Pour Bosley Crowther du New York Times « le combat [final] est le plus bruyant et le plus effrayant élément qu'il [Disney] ait jamais mis dans un de ses films… la question est de savoir s'il a raté le film qui devait être un divertissement pour enfants[60]. » Maltin développe les propos de Crowther. Pour lui, les flammes du dragon entourant le Prince sur un écran Technirama avec une musique électrisante de Georges Bruns inspirée de Tchaïkovski peuvent provoquer une intense émotion auprès des plus jeunes ou des adultes (de l'époque)[60]. Douglas Brode trouve que la scène est trop « féminisée » car, sans l'aide des trois fées, le Prince ne se serait jamais échappé du donjon de Maléfique[144]. Pour Beck, la scène est truquée et Philippe ne fait que de la figuration, ce que Brode confirme, car selon eux, ce sont les fées-marraines qui ont libéré le prince en brisant ses chaînes, puis l'ont armé et aidé à chaque instant, bâtissant un pont pour franchir les douves, avant d'enchanter son épée qui terrasse le dragon[10],[153]. Brode poursuit son analyse sexuellement orientée en trouvant que le baiser du Prince subjugué par la beauté d'Aurore est « une forme de victimisation sexuelle de la femme par un homme obsédé par sa beauté physique au détriment de sa personnalité[153]. »

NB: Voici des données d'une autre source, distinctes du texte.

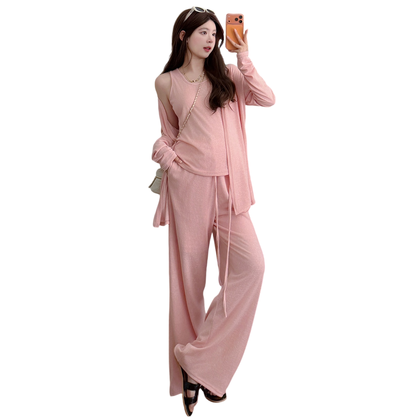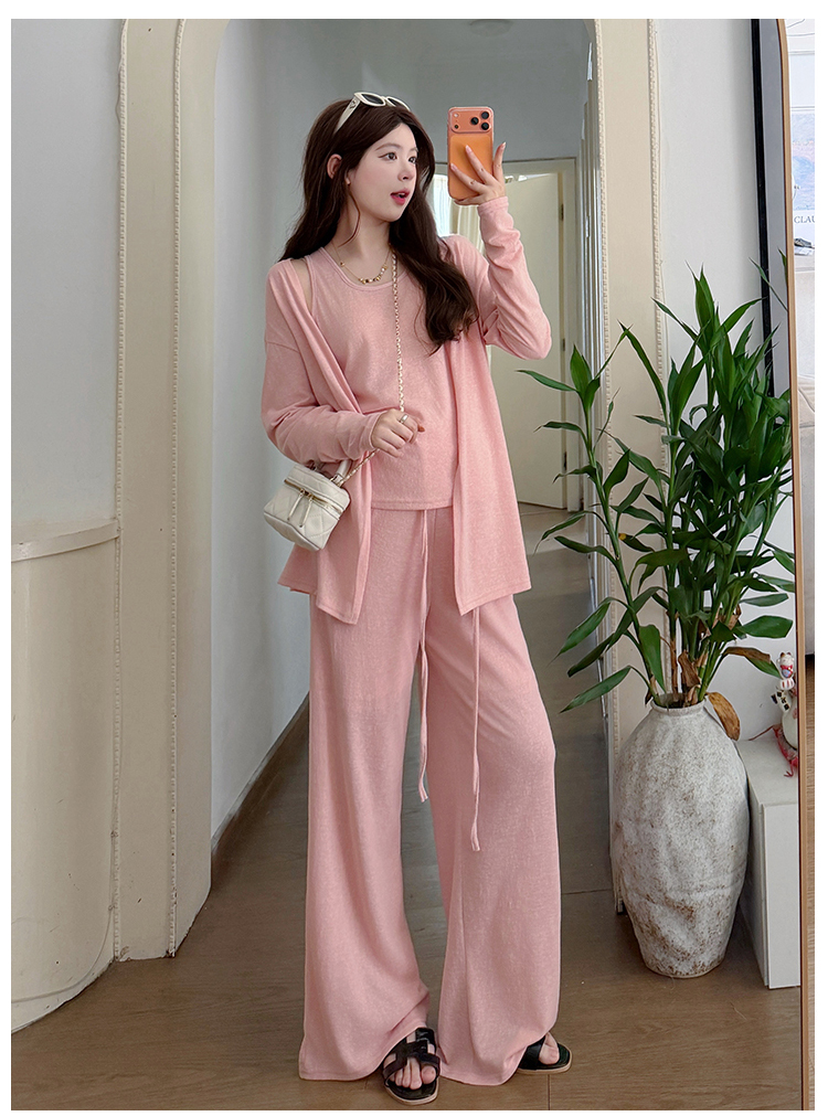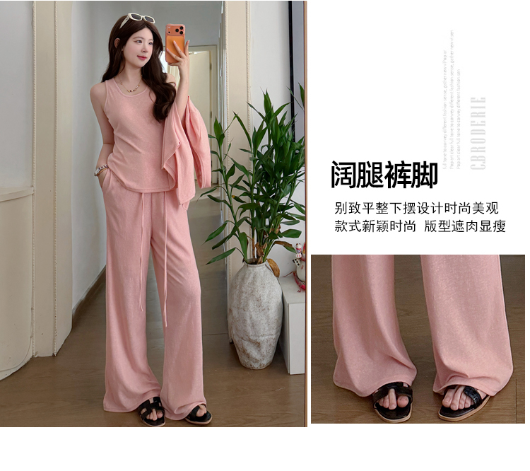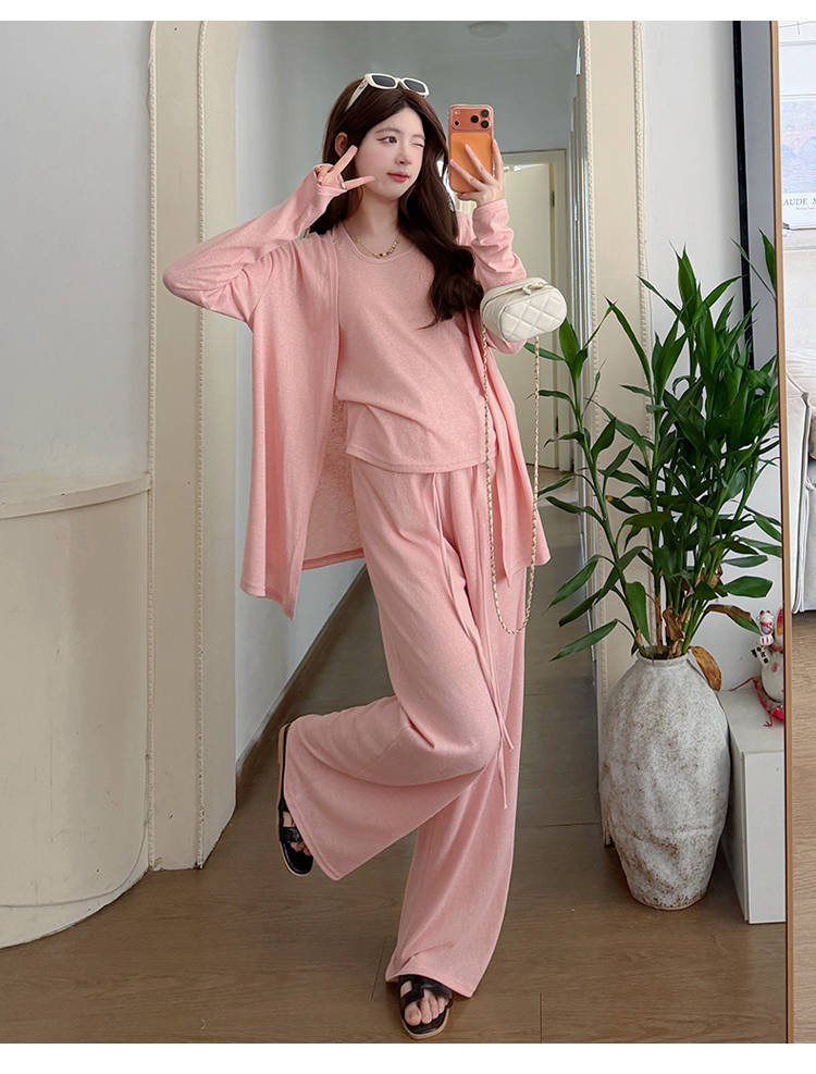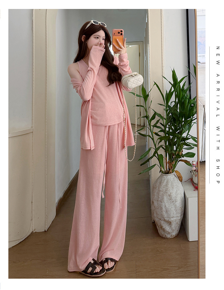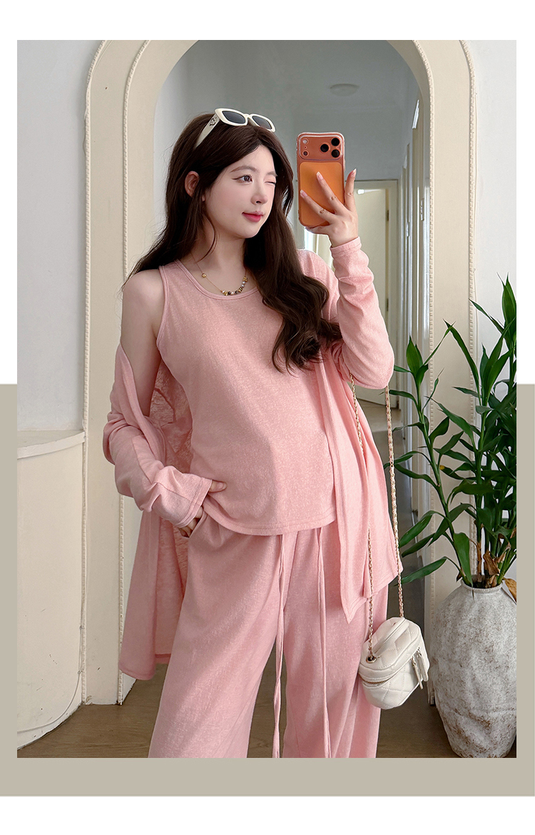 봄 여름 새로운 출산 착용 3종 세트 매운맛 엄마 섹션 2026 인터넷 유명인 섹션 임신 기간 착용 가져 가라. 빅 사이즈 세트 와이드 레그 팬츠

Toutefois pour Maltin, le problème n'est pas la peur durant la scène finale mais le fait qu'elle arrive très tard dans le film dont le rythme est très lent, à la limite du supportable[60]. Jerry Beck écrit qu'il ne se passe rien avant les 15 dernières minutes du film[10]. Pour Maltin, le reste ne compte presque aucun élément narratif excitant et les éléments comiques ne risquent pas de faire rire aux éclats un jeune bambin[60]. La comédie n'est pas basée sur des créations particulières comme les nains dans Blanche-Neige ou les souris de Cendrillon et les fées ne sont que de « pâles substituts[60]. » La scène de la robe d'Aurore conçue par les fées peut plaire aux jeunes filles mais pas aux garçons[60], à l'inverse la scène de combat final avec sa débauche de feu peut plaire aux uns mais pas aux autres. Côté musical, il n'y a « pas de ritournelle entraînante comme le Heigh-Ho des nains pour ravir les enfants[60] ». Maltin résume ses propos en déclarant que le film est très bien mais plus pour un public adulte que pour les plus jeunes[60].
L'adaptation musicale réalisée par George Bruns pour ce film d'animation possède plusieurs éléments de correspondance avec le ballet de Piotr Ilitch Tchaïkovski La Belle au bois dormant.
Outre les adaptations en bandes dessinées, dès 1959 par Al Hubbard, la Belle au Bois Dormant apparaît souvent depuis le milieu des années 2000 dans les magazines pour petites filles de la série « Princess ». Les histoires sont produites en Italie où la série s'appelle Principesse.